Multi-generational living may not be for everyone, however it could be the answer for many and why not? Depending on your age there would be many benefits to having everything on your doorstep.

Aside from what the building offers, the proximity to work, universities, schools, restaurants, cultural attractions and entertainment precincts are key drivers. People are seeking to be part of the vibrancy that a diverse community such as this would bring. As our cities sprawl out and densities increase doesn’t this make sense? Multi-generational living offers a practical response to the demands of modern life.

Big to small – the changing Australian dream

While many older Australians lived out the ‘Great Australian Dream’ of the quarter acre block, they are frequently turning to retirement villages later in life. They can see that downsizing accommodation means upsizing lifestyle. So, rather than the resort style, some people are choosing to downsize to vertical urban based models, with high-end units in vibrant connected communities, that have all the associated benefits that only a vertical village can offer. However at present, this is very much a user pays model largely driven by baby boomer wealth. Downsizing doesn’t necessarily mean compromising on quality. Prices and bonds of $1-2m are not uncommon for some luxury retirement and aged care units in inner urban Melbourne suburbs. Are these models sustainable for the future? Design of developments needs to be adaptable for generations to come.

Another drawcard of vertical villages may be having access to home care services and an aged care facility within the same building. This provides comfort in knowing that as we age that level of care is available close by as we need it. In the case of a couple, if one partner loses their faculties before the other, they can be cared for, either at home or, if full-time care is required, within a specialised aged care facility in the same building, remaining close to their loved ones. Another innovative model is the specially-designed community for people with intellectual disability (or other disabilities) and their primary carers. This can give ageing parents peace of mind that their children will be looked after long after they are gone.

The cost equation: low-rise on large land or high-rise on small land? How Feasible is this?

Building in inner city locations does come with a raft of challenges. Whether regenerating existing buildings or developing new sites – it is an entirely different beast to constructing low-rise buildings on large tracts of land. Developments become more project specific, land and construction costs are higher and building metrics are different. Greater due diligence is required on site assessments and business cases to determine feasibility of the development.

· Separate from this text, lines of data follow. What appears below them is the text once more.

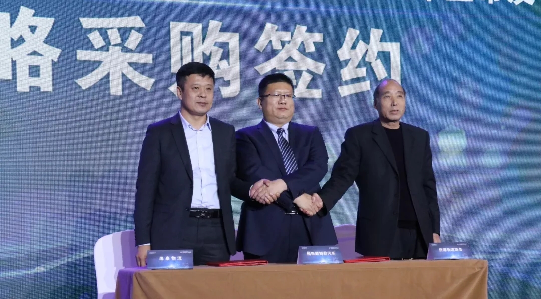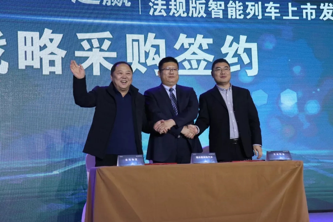 福田戴姆勒汽车营销公司副总经理王维分别与山东金浩物流有限责任公司董事长王敏,山东正本特种油运输有限公司董事长王成程,辽宁缘泰物流有限公司总经理高殿坤,河南济源物流商会会长赵永忠签订安全之星法规版智能列车战略采购协议共350台
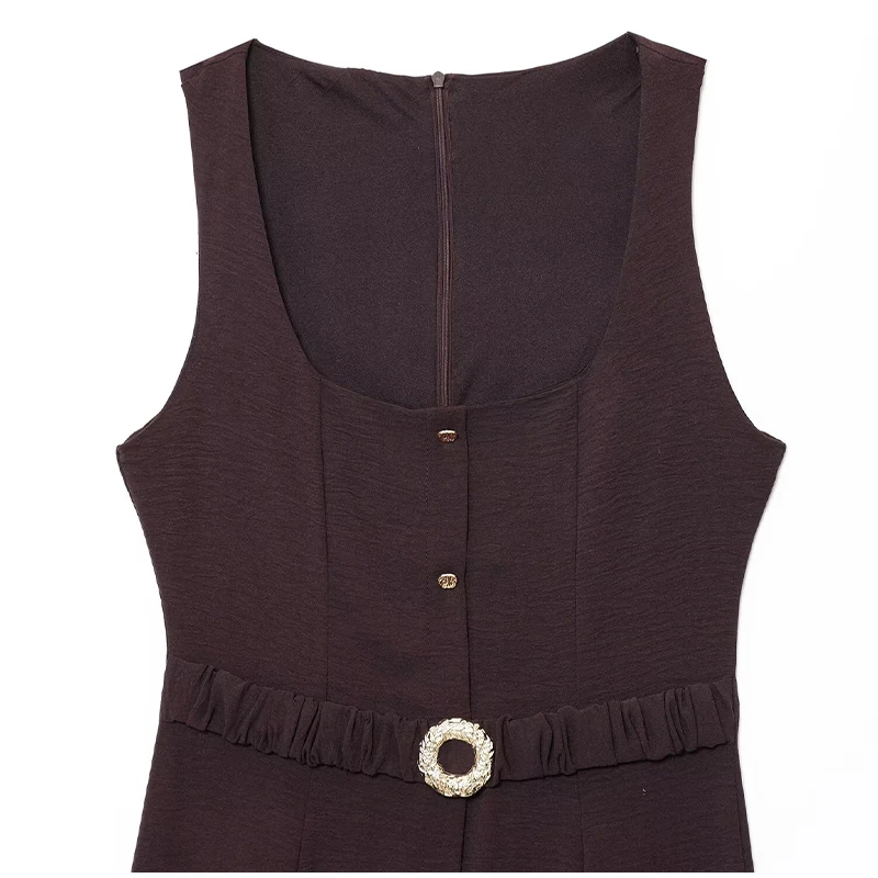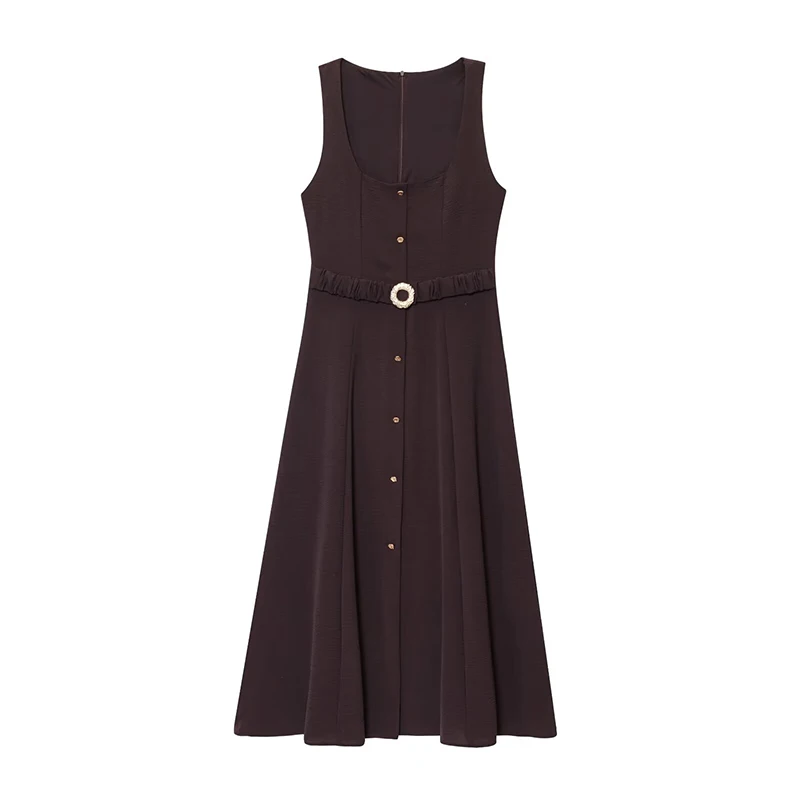 LIZAKOSHT - Elegant Single-Breasted Belt Sling Dress Women Fashion Sleeveless Waist-Cinching Pleated Robe 2025 Female Office New Dresses
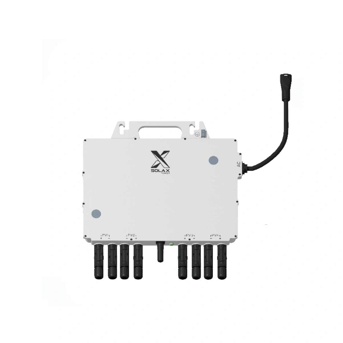 This SolaX microinverter supports up to four solar panels and features four independent MPPT trackers, allowing each panel to operate individually for maximum energy production.
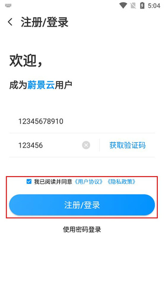 4、勾選我已閱讀并同意相關(guān)協(xié)議的選項,點擊界面中的注冊/登錄按鈕完成操作。
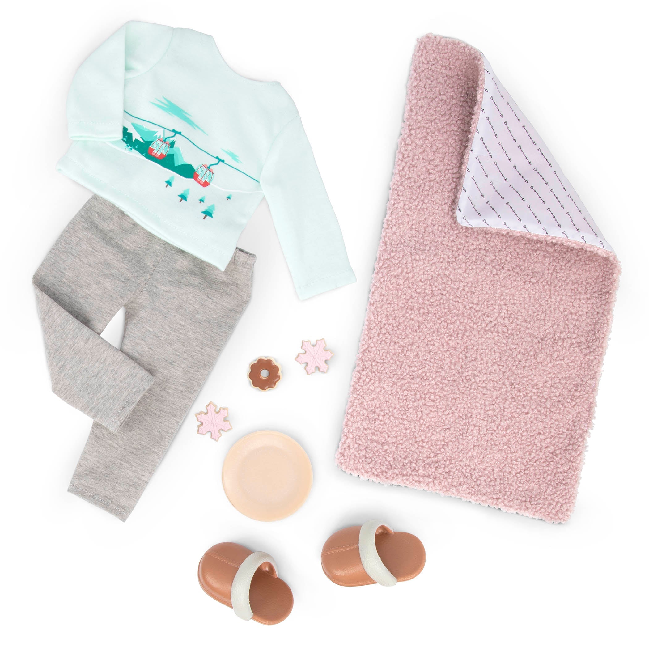 Komplektā ietilpst arī: divdaļīga pidžama, blūze ar garām piedurknēm un garas bikses, čības, silta sega, krūze ar karsto šokolādi, šķīvis, 3 cepumi.
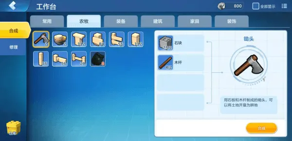 顺手做把锄头,锄头可以用来锄地。这里有个小技巧,右手点击锄地的目标地块,然后手指往左开始移动,你会发现很长一块耕地就犁好了!不过前提是要多多练习。
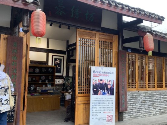 离开豆瓣厂,我们来到战旗村的“乡村十八坊”,这里像是战旗村的文化艺术中心,这里集中展示郫县豆瓣、蜀绣、竹编在内的18种传统非物质文化制作工艺,是一条古色古香的“宝藏街”。

Every building is unique and from our experience as quantity surveyors and cost planners, working on numerous aged care and retirement villages there is no one-size-fits-all approach. Typical benchmark cost data can’t be used in planning these developments i.e. $200,000-$300,000/unit cost may not apply to a multistorey CBD development as it does to some low-rise configurations.

Remaining relevant

While aged care and multi-generational living models continue to evolve, how will the aged care operator continue to remain relevant? Will there be certain levels of the building dedicated to aged care and will the operator run this purpose-built space on a lease? Perhaps they will have a vested interest in the development? Will we also see the models of funding for these type of developments change, with more property real estate investment trusts looking to get into this space to diversify their portfolios? All of this is yet to be tested.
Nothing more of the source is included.